Copy, exactly and without additions, every line in the records below from the one holding "對(duì)于IRF450的" through the one holding "ジャージーレースロングスリーブフレアワンピース", both ends included.

━━━ MATERIALS PROVIDED ━━━

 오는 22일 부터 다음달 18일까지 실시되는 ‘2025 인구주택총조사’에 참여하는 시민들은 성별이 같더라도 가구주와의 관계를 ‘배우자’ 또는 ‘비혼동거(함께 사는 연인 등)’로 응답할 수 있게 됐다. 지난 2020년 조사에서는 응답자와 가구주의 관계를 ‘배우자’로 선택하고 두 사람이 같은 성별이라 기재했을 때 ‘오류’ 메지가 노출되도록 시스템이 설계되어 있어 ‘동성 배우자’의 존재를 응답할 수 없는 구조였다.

━━━
━━━ MATERIALS PROVIDED ━━━

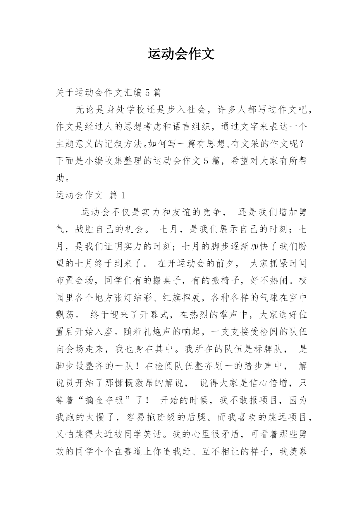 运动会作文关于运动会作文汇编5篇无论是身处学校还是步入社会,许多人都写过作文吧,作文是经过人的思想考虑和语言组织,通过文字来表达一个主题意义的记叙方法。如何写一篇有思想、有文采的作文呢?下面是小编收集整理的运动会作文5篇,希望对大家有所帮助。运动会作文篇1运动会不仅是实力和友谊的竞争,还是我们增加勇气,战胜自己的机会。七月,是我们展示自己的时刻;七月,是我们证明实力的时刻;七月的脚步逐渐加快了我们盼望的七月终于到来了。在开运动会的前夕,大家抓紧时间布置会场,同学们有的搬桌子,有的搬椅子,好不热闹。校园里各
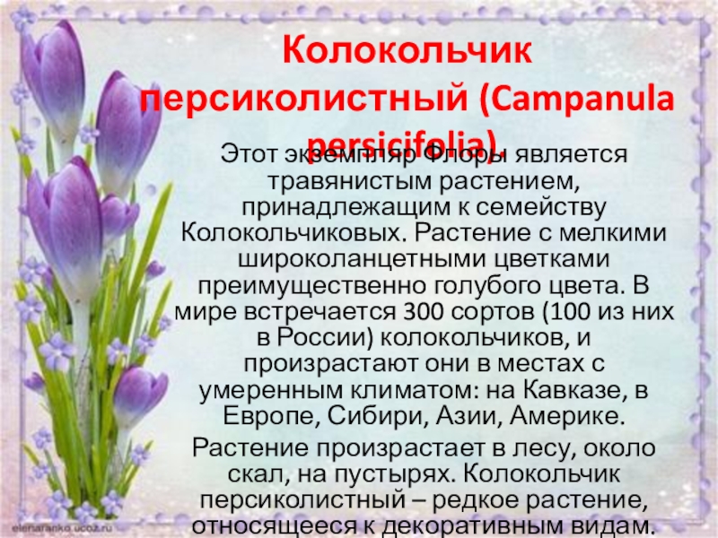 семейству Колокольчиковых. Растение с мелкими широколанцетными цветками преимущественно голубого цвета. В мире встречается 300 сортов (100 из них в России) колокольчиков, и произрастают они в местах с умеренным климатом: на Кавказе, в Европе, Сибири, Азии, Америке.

━━━
━━━ MATERIALS PROVIDED ━━━

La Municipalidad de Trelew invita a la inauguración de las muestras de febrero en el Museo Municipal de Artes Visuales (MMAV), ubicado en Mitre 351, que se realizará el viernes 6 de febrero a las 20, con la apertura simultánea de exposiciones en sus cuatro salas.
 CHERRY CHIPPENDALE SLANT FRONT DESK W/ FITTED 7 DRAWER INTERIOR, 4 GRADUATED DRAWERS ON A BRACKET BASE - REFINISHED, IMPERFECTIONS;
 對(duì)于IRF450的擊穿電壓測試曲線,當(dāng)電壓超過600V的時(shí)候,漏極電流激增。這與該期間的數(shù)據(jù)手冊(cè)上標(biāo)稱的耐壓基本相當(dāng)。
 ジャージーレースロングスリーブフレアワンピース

━━━

> _TASK RESPONSE_:
 對(duì)于IRF450的擊穿電壓測試曲線,當(dāng)電壓超過600V的時(shí)候,漏極電流激增。這與該期間的數(shù)據(jù)手冊(cè)上標(biāo)稱的耐壓基本相當(dāng)。
 ジャージーレースロングスリーブフレアワンピース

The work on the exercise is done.